During the dispute about lightning conductors (after St. Bride's Church was struck in 1764), in the year 1772, George III. (says Mr. Weld, in his "History of the Royal Society") is stated to have taken the side of Wilson—not on scientific grounds, but from political motives; he even had blunt conductors fixed on his palace, and actually endeavoured to make the Royal Society rescind their resolution in favour of pointed conductors. The king, it is declared, had an interview with Sir John Pringle, during which his Majesty earnestly entreated him to use his influence in supporting Mr. Wilson. The reply of the president was highly honourable to himself and the society whom he represented. It was to the effect that duty as well as inclination would always induce him to execute his Majesty's wishes to the utmost of his power; "But, sire," said he, "I cannot reverse the laws and operations of Nature." It is stated that when Sir John regretted his inability to alter the laws of Nature, the king replied, "Perhaps, Sir John, you had better resign." It was shortly after this occurrence that a friend of Dr. Franklin's wrote this epigram:—
"While you, great George, for knowledge hunt,
And sharp conductors change for blunt,
The nation's out of joint;
Franklin a wiser course pursues,
And all your thunder useless views,
By keeping to the point."
A strange scene in the Royal Society in 1710 (Queen Anne) deserves record.

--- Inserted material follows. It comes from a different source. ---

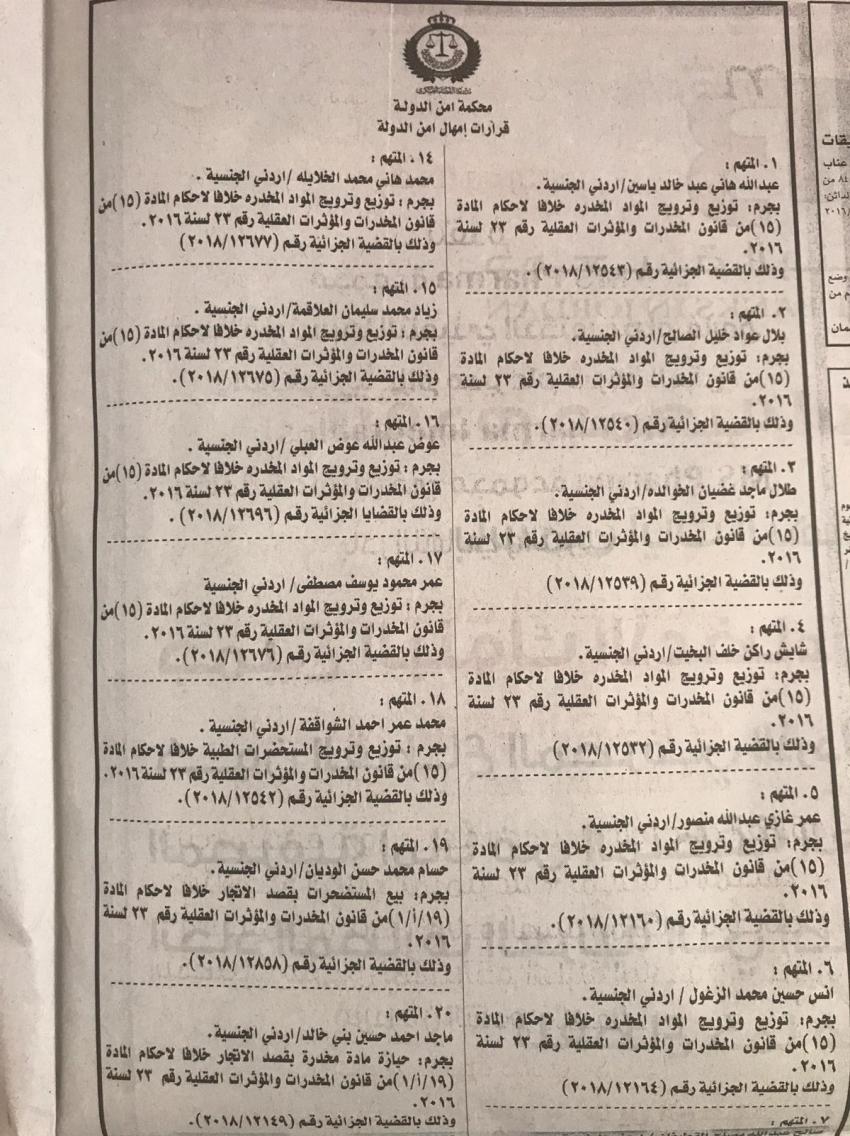 وطالبت المحكمة افراد الامن العام بالقبض علیھم وتسلیمھم للسلطات المختصة.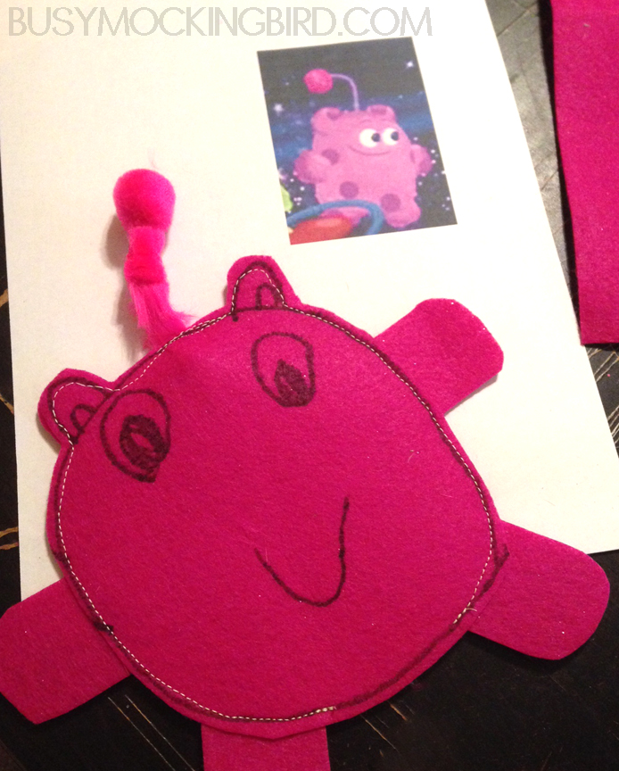 Epiphany is Arty the alien’s little sidekick. We’re not sure what he…or she…really is, exactly, but Myla thinks he’s cute. She started by drawing the shape onto a piece of felt. Since she wanted it to be stuffed, I showed her that she had to have a front and a back piece. Then she cut little arms & legs out. I had her help me sew a simple stitch around it on the sewing machine (I often have her put her hand on it to help guide it), and then came her favorite part: the stuffing!

It ended in the expulsion from the council of that irascible Dr. Woodward who once fought a duel with Dr. Mead inside the gate of Gresham College. "The sense," says Mr. Ward, in his "Memoirs," "entertained by the society of Sir Hans Sloane's services and virtues was evinced by the manner in which they resented an insult offered him by Dr. Woodward, who, as the reader is aware, was expelled the council. Sir Hans was reading a paper of his own composition, when Woodward made some grossly insulting remarks. Dr. Sloane complained, and moreover stated that Dr. Woodward had often affronted him by making grimaces at him; upon which Dr. Arbuthnot rose and begged to be 'informed what distortion of a man's face constituted a grimace.' Sir Isaac Newton was in the chair when the question of expulsion was agitated, and when it was pleaded in Woodward's favour that 'he was a good natural philosopher,' Sir Isaac remarked that in order to belong to that society a man ought to be a good moral philosopher as well as a natural one."